This month marks the 50th anniversary of the assassination of Senator Robert F. Kennedy. Struck by bullets on June 5, 1968, following his victory speech at the California Democratic Party presidential primary, Kennedy died of severe brain injury on the following day, June 6.
Although much has been written about RFK’s assassination — some documented and some speculative — to date there has been no detailed medical discussion of Kennedy’s injuries and treatment. A new article published today in the Journal of Neurosurgery addresses this subject: “The assassination of Robert F. Kennedy: an analysis of the senator’s injuries and neurosurgical care,” by Jordan M. Komisarow, MD, Theodore Pappas, MD, Megan Llewellyn, MSMI, and Shivanand P. Lad, MD, PhD, from Duke University School of Medicine.
In this article, the authors “review the eyewitness reports of the mechanism of injury, the care rendered for 3 hours prior to the emergency craniotomy, the clinical course, and, ultimately, the autopsy.” The discussion of autopsy findings is supplemented by an artist’s depiction of the extent of Senator Kennedy’s head injury.
Komisarow and colleagues provide a thorough review of clinical events from the time of the shooting until Kennedy’s death. They also discuss differences and similarities between 1968 and 2018 in the care of patients with gunshot wounds to the head.
Immediately following the shooting, multiple physicians converged at the scene to render assistance. There was a delay of about 45 minutes in transporting Senator Kennedy to the hospital best equipped to treat his severe wounds, due to a transport protocol in place at the time. Diagnostic tests that are commonplace today, such as computed tomography (CT) and CT angiography and venography, were not available. The surgical procedure performed in 1968, a craniotomy, however, was similar to what would be performed today. Some postoperative monitoring techniques and preferred medications have changed over the years.
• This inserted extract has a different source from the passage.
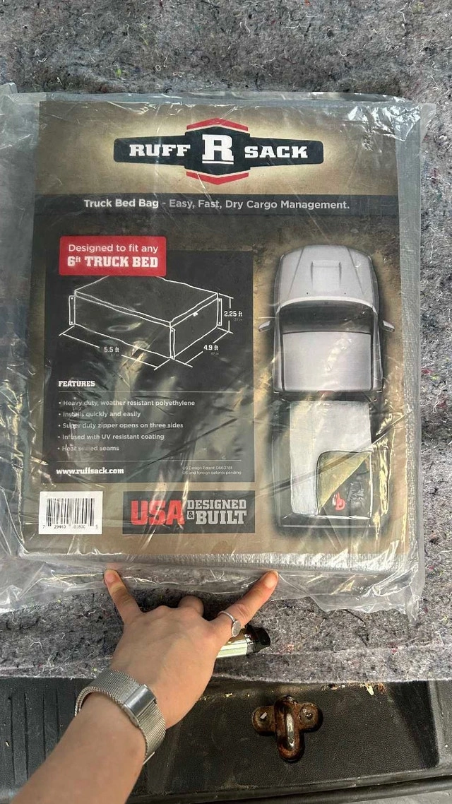 This Ruffsack truck cargo bag is designed to fit a 6ft truck bed and provide a complete enclosure for your cargo. It's made from heavy-duty, weather-resistant polyethylene with a UV-resistant coating to protect your gear from the elements. The super-duty zipper opens on three sides for easy access, and it features eight tie-down grommets and locking zippers for secure installation. This Ruffsack is in excellent condition and ready to keep your cargo safe and dry. A new one retails for $200, but I'm asking $30. Pick-up is at Keele & Beechborough. Cash only.

Based on their analysis of medical records and testimony, Komisarow and colleagues believe that the steps taken by physicians to care for Senator Kennedy in 1968 were in keeping with the standard medical practices of the day. An aggressive attempt was made to save him, but the outcome, given his serious head injury, was not unexpected.
Kennedy suffered “extensive injury to the right cerebellum and right occipital cortex.” There was damage to the brainstem and evidence of epidural, subdural, and subarachnoid hemorrhage. Bone and bullet fragments were embedded in tissue throughout the brain. The authors point out that penetrating gunshot wounds to the head such as Kennedy’s are associated with a high mortality rate — one that has not changed much in the last 100 years, since the time of Harvey Cushing’s observations on penetrating head trauma conducted in 1918.
When asked whether Kennedy could have survived if he were to be treated using 2018 medical techniques, Dr. Komisarow responded, “By all accounts an aggressive and valiant effort was made to save the senator’s life. Unfortunately, a similar injury would likely also be fatal, or severely debilitating, in 2018.”
Dr. Lad added, “Despite numerous advances in imaging, anesthesia, and surgical technique over the last 50 years, damage to the brainstem and its associated blood vessels continues to be a devastating and catastrophic injury.”